This question already has an answer here: 开发者_Go百科 What is the monomorphism restriction? (1 answer) Closed 7 years ago.

Type inference in Haskell has a bit of a learning curve (to say the least!). A good way to start learning it is with simple examples. So, the following is a bit of a "hello world" for type inference.

Consider the following example:

Prelude> :t 3
3 :: (Num t) => t
Prelude> let x = 3
Prelude> :t x
x :: Integer

The question is thus: Why do 3 and x have different types?

Link Summary:

Read the answers below for the full story; here's just a link summary:

  1. GHC type defaulting: Haskell Report section 4.3.4
  2. GHCi's extended type defaulting: Using GHCi section 2.4.5
  3. Monomorphic Restriction: Haskell wiki


There's another factor here, mentioned in some of the links which acfoltzer includes, but it might be worth making explicit here. You're encountering the effect of the monomorphism restriction. When you say

let x = 5

you make a top-level definition of a variable. The MR insists that such definitions, when otherwise unaccompanied by a type signature, should be specialized to a monomorphic value by choosing (hopefully) suitable default instances for the unresolved type variables. By contrast, when you use :t to ask for an inferred type, no such restriction or defaulting is imposed. So

> :t 3
3 :: (Num t) => t

because 3 is indeed overloaded: it is admitted by any numeric type. The defaulting rules choose Integer as the default numeric type, so

> let x = 3
> :t x
x :: Integer

But now let's switch off the MR.

> :set -XNoMonomorphismRestriction
> let y = 3
> :t y
y :: (Num t) => t

Without the MR, the definition is just as polymorphic as it can be, just as overloaded as 3. Just checking...

> :t y * (2.5 :: Float)
y * (2.5 :: Float) :: Float
> :t y * (3 :: Int)
y * (3 :: Int) :: Int

Note that the polymorphic y = 3 is being differently specialized in these uses, according to the fromInteger method supplied with the relevant Num instance. That is, y is not associated with a particular representation of 3, but rather a scheme for constructing representations of 3. Naïvely compiled, that's a recipe for slow, which some people cite as a motivation for the MR.
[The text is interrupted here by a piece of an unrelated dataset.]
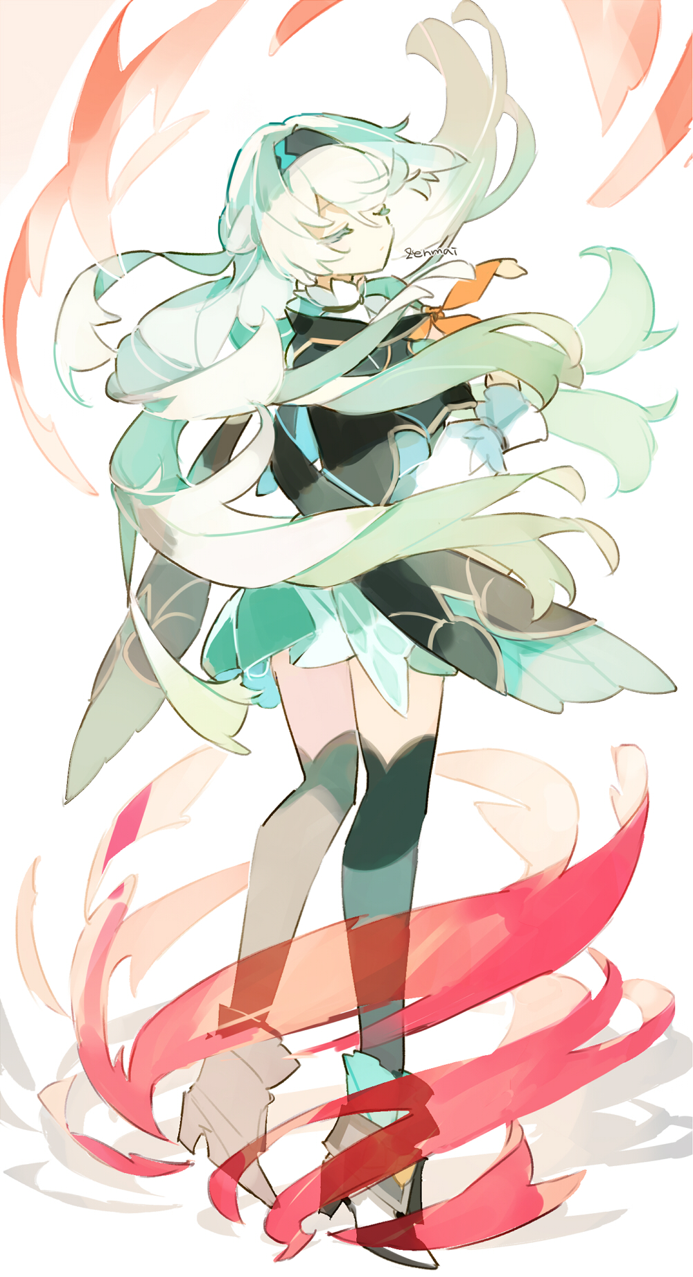1girl ankle_boots black_dress black_headband black_thighhighs boots closed_eyes commentary_request dress fire firefly_(honkai:_star_rail) floating_hair green_hair headband highres honkai:_star_rail honkai_(series) long_hair long_sleeves magic neckerchief orange_neckerchief simple_background solo thighhighs twitter_username white_background zenmai_(cyenmi3)

I'm (locally pretending to be) neutral on the debate about whether the monomorphism restriction is a lesser or greater evil. I always write type signatures for top-level definitions, so there is no ambiguity about what I'm trying to achieve and the MR is beside the point.

When trying to learn how the type system works, it's really useful to separate the aspects of type inference which

  1. ‘follow the plan’, specializing polymorphic definitions to particular use cases: a fairly robust matter of constraint-solving, requiring basic unification and instance resolution by backchaining; and

  2. ‘guess the plan’, generalizing types to assign a polymorphic type scheme to a definition with no type signature: that's quite fragile, and the more you move past the basic Hindley-Milner discipline, with type classes, with higher-rank polymorphism, with GADTs, the stranger things become.

It's good to learn how the first works, and to understand why the second is difficult. Much of the weirdness in type inference is associated with the second, and with heuristics like the monomorphism restriction trying to deliver useful default behaviour in the face of ambiguity.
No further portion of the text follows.